Task prompt :: Range to repeat from the listing below: the line containing "11月16日,太原钟楼街片区" down to the line containing "移動通信技術(shù)更迭的", both included. Copy it exactly, pictures excluded, and add nothing else.

Data for review ::
==========

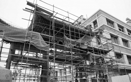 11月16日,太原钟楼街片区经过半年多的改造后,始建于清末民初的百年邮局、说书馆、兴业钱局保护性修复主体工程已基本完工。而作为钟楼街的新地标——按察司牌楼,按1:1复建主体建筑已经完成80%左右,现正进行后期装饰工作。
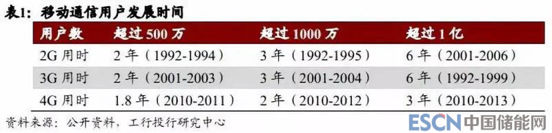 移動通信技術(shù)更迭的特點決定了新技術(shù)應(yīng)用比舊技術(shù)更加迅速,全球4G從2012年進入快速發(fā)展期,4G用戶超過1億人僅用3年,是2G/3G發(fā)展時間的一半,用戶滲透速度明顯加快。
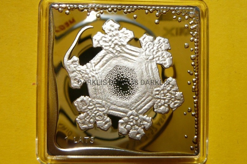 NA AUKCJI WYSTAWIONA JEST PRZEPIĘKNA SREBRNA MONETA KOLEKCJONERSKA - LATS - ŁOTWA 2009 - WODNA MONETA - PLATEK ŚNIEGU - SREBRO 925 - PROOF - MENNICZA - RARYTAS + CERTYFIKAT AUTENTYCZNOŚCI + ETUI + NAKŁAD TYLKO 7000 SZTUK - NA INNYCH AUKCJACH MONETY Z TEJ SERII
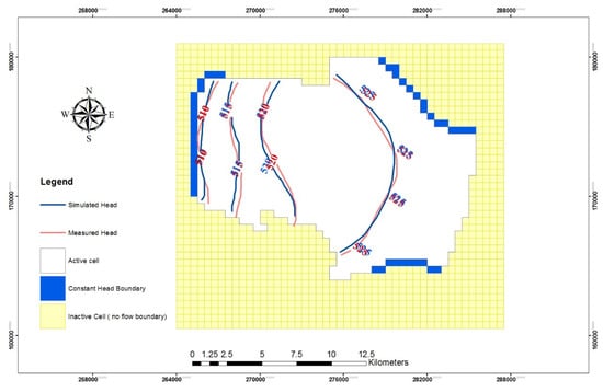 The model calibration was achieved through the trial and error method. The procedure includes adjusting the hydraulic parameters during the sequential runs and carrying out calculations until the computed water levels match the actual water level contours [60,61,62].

==========

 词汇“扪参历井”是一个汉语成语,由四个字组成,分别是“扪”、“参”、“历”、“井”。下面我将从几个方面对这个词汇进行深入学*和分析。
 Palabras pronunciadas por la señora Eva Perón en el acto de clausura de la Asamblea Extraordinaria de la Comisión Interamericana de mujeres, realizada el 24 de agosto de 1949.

==========

Solution for this task ::
 11月16日,太原钟楼街片区经过半年多的改造后,始建于清末民初的百年邮局、说书馆、兴业钱局保护性修复主体工程已基本完工。而作为钟楼街的新地标——按察司牌楼,按1:1复建主体建筑已经完成80%左右,现正进行后期装饰工作。
 移動通信技術(shù)更迭的特點決定了新技術(shù)應(yīng)用比舊技術(shù)更加迅速,全球4G從2012年進入快速發(fā)展期,4G用戶超過1億人僅用3年,是2G/3G發(fā)展時間的一半,用戶滲透速度明顯加快。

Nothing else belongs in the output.